Other factors that could materially affect actual results, levels of activity, performance, or achievements can be found in our other filings with the SEC, including our Annual Report on Form 10-K for the year ended December 31, 2005. If any of these risks or uncertainties materialize, or if our underlying assumptions prove to be incorrect, actual results may vary significantly from what we projected. Any forward-looking statement you read in this Quarterly Report on Form 10-Q reflects our current views with respect to future events and is subject to these and other risks, uncertainties, and assumptions relating to our operations, results of operations, growth strategy, and liquidity. We assume no obligation to publicly update or revise these forward-looking statements for any reason, whether as a result of new information, future events, or otherwise.
Understanding our Company
Our Business
Our mission is to create great products that help investors reach their financial goals. We offer an extensive line of Internet, software, and print-based products for individual investors, financial advisors, and institutional clients. We also offer asset management services for advisors and institutional clients. We have historically generated recurring revenue because many of our products are sold through subscriptions or license agreements. We believe that while the investments in our business are significant, the variable cost of adding customers is considerably lower, particularly as our products and services focus more on Internet-based platforms and assets under management. We strive to realize this operating leverage by selling a wide variety of products and services to multiple investor segments, through multiple media, and in many geographic markets.

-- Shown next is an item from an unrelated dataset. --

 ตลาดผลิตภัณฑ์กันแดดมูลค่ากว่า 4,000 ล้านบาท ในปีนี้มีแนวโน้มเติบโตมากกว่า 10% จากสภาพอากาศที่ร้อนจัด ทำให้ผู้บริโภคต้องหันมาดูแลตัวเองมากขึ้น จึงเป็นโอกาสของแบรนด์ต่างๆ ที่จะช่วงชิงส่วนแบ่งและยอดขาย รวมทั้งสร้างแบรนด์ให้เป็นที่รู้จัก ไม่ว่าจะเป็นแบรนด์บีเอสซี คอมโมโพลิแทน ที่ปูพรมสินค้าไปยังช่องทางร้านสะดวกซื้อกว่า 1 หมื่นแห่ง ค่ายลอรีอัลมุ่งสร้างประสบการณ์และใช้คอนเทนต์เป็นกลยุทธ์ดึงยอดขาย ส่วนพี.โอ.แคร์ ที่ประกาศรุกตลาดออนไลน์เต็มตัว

Our decentralized structure includes three global business segments: Individual, Advisor, and Institutional. In all three of these segments, we believe our work helps individual investors make better investment decisions. We consolidate the results of our majority-owned operations. We account for our minority-owned investments in Japan, Korea, Denmark, and Sweden using the equity method.
Industry Overview
We monitor developments in the economic and financial information industry on an ongoing basis and use these insights to help inform our company strategy, product development plans, and marketing initiatives.

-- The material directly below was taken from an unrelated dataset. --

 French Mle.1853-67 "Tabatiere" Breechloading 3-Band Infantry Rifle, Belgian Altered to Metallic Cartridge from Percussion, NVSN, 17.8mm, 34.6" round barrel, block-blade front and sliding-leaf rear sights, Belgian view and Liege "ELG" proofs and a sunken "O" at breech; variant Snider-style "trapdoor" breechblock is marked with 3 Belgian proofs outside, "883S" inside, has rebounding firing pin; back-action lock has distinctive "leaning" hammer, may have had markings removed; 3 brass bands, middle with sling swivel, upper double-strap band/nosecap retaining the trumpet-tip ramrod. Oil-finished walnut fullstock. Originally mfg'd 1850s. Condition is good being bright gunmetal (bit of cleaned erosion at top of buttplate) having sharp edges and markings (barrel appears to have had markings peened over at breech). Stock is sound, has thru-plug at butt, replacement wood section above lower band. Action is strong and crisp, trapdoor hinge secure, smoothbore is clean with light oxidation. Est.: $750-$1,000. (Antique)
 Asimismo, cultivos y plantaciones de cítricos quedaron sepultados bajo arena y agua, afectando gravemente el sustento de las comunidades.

Investment Landscape and Database Areas
Performance in the U.S. equity markets dipped lower in the second quarter of 2006, with Morningstars U.S. Market Index, a broad market benchmark, posting a total return of -1.8% for the quarter. Following the market downturn, total U.S. mutual fund assets declined slightly to about $9.33 trillion as of June 30, 2006 based on data from the Investment Company Institute, compared with about $9.36 trillion as of March 31, 2006. The number of mutual funds remained stable during the quarter.

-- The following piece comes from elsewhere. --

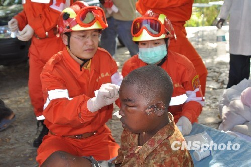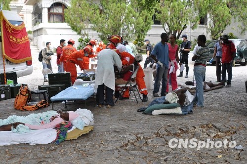 海地當(dāng)?shù)貢r(shí)間14日9時(shí),中國(guó)武警總醫(yī)院赴海地國(guó)際救援醫(yī)療分隊(duì)開設(shè)第一個(gè)流動(dòng)醫(yī)療點(diǎn),已為110名受傷的災(zāi)民提供醫(yī)療救助。海地總理禮賓官趕到醫(yī)療救助點(diǎn),他握著來自中國(guó)武警總醫(yī)院的醫(yī)生的手說:“感謝中國(guó)國(guó)際救援隊(duì),你們是第一支來總理府進(jìn)行人道主義救助的救援隊(duì)”。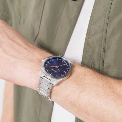 Dit Hugo Boss horloge heeft een kast gemaakt van Staal zilver met een diameter van 41 mm en is voorzien van een Staal zilver band. In de kast bevindt zich een Seiko kwaliteitsuurwerk en is afgewerkt met Mineraalglas.

Debate about pricing models for securities research continued in the second quarter of 2006. Following similar moves by other firms in the first quarter, brokerage firm Thomas Weisel disclosed in May that it made an agreement to unbundle its research and trading fees with Fidelity. These moves are a shift from longtime Wall Street practice of bundling costs for research in the same fees paid for trading commissions. Several large brokerage firms have taken a different tack by arguing in favor of commission sharing, which involves using separate firms for brokerage and research, with the research firm paid through credits from the trading broker.